INSTRUCTIONS FOR THE TASK:
Below is a listing. Return the lines from the one that contains "Foto 1. Pagi" to the one that contains "開校77年 その伝統と実績", both ends included, verbatim and with no pictures.

DATA SECTION:

- Opening Delimiter -

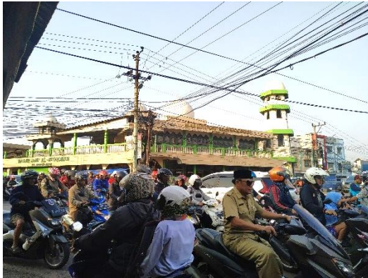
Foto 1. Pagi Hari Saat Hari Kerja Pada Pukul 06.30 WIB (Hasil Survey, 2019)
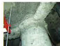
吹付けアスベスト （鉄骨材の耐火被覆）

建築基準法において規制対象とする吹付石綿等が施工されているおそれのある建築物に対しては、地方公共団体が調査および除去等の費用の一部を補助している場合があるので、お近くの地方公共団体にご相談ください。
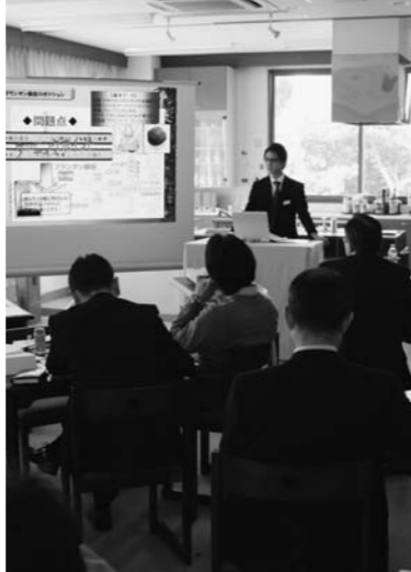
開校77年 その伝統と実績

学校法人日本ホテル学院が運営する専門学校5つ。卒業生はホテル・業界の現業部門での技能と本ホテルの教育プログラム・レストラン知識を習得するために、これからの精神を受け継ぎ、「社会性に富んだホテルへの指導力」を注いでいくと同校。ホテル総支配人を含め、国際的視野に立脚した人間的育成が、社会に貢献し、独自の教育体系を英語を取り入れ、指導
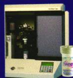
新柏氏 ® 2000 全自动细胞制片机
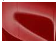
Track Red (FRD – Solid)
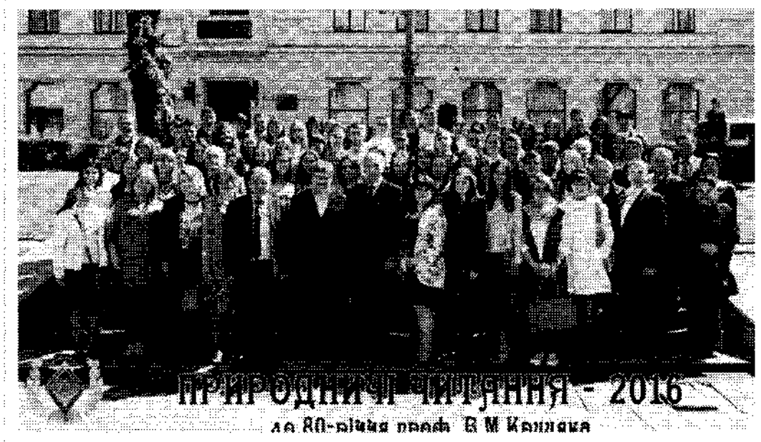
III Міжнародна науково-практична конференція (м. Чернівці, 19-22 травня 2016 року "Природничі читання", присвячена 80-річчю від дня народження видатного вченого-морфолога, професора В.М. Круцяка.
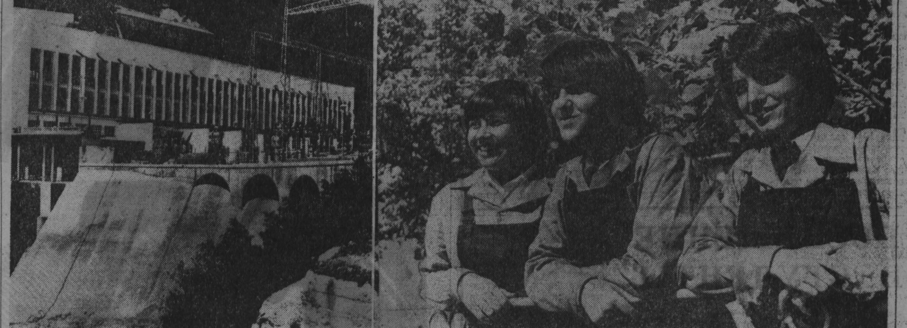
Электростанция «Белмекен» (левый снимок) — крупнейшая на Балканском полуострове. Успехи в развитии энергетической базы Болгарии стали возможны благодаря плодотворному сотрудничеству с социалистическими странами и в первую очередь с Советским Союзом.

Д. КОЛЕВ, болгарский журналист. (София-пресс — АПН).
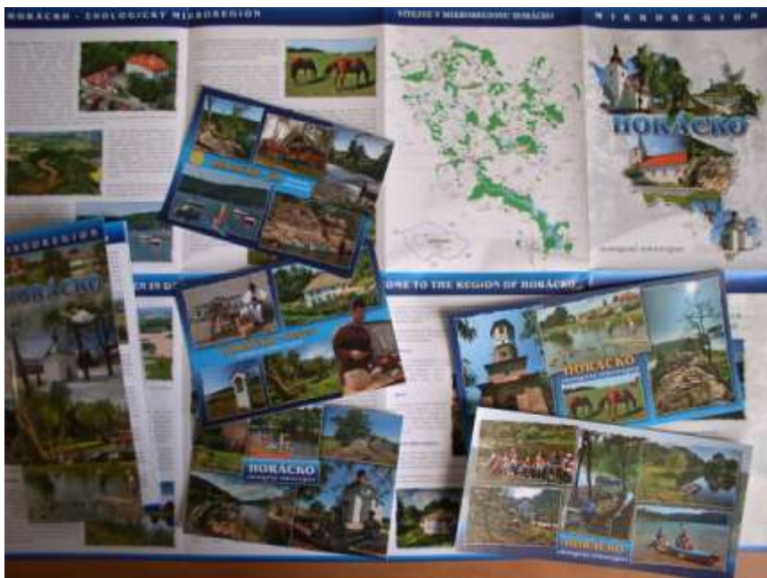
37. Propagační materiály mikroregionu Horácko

- Closing Delimiter -
- Opening Delimiter -

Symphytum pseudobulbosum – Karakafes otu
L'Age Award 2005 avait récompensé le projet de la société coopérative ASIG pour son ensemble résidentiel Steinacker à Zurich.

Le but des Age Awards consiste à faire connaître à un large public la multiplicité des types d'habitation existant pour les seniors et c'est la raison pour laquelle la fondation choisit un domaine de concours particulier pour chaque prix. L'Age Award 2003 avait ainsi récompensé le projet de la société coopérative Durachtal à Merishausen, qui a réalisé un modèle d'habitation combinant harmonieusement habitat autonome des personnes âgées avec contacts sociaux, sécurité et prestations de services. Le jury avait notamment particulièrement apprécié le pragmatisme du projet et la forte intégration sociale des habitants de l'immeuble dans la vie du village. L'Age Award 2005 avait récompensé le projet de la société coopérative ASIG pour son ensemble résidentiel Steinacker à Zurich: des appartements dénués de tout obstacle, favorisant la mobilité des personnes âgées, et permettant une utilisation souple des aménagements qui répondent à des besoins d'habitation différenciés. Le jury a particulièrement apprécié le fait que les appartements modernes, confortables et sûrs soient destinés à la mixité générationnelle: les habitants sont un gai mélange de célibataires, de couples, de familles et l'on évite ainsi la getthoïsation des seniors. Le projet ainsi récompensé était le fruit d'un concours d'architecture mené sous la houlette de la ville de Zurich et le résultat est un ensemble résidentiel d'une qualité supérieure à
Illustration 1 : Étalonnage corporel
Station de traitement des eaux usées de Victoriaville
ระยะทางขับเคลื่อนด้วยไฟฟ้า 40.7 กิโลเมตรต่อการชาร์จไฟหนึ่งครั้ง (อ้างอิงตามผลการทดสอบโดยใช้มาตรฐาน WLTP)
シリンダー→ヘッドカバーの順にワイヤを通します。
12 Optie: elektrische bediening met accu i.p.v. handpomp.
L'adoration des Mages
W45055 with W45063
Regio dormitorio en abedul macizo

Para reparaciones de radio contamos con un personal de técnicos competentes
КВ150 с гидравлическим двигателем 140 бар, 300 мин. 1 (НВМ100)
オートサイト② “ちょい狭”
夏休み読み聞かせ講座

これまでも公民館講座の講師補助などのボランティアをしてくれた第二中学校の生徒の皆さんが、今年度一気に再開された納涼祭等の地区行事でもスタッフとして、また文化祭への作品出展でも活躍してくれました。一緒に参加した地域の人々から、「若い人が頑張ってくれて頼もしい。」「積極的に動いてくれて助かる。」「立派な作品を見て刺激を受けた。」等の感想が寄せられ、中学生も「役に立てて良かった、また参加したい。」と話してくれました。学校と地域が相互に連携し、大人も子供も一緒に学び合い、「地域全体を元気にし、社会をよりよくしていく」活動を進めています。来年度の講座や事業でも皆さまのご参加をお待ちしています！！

- Closing Delimiter -

THE ANSWER:
Foto 1. Pagi Hari Saat Hari Kerja Pada Pukul 06.30 WIB (Hasil Survey, 2019)
吹付けアスベスト （鉄骨材の耐火被覆）

建築基準法において規制対象とする吹付石綿等が施工されているおそれのある建築物に対しては、地方公共団体が調査および除去等の費用の一部を補助している場合があるので、お近くの地方公共団体にご相談ください。
開校77年 その伝統と実績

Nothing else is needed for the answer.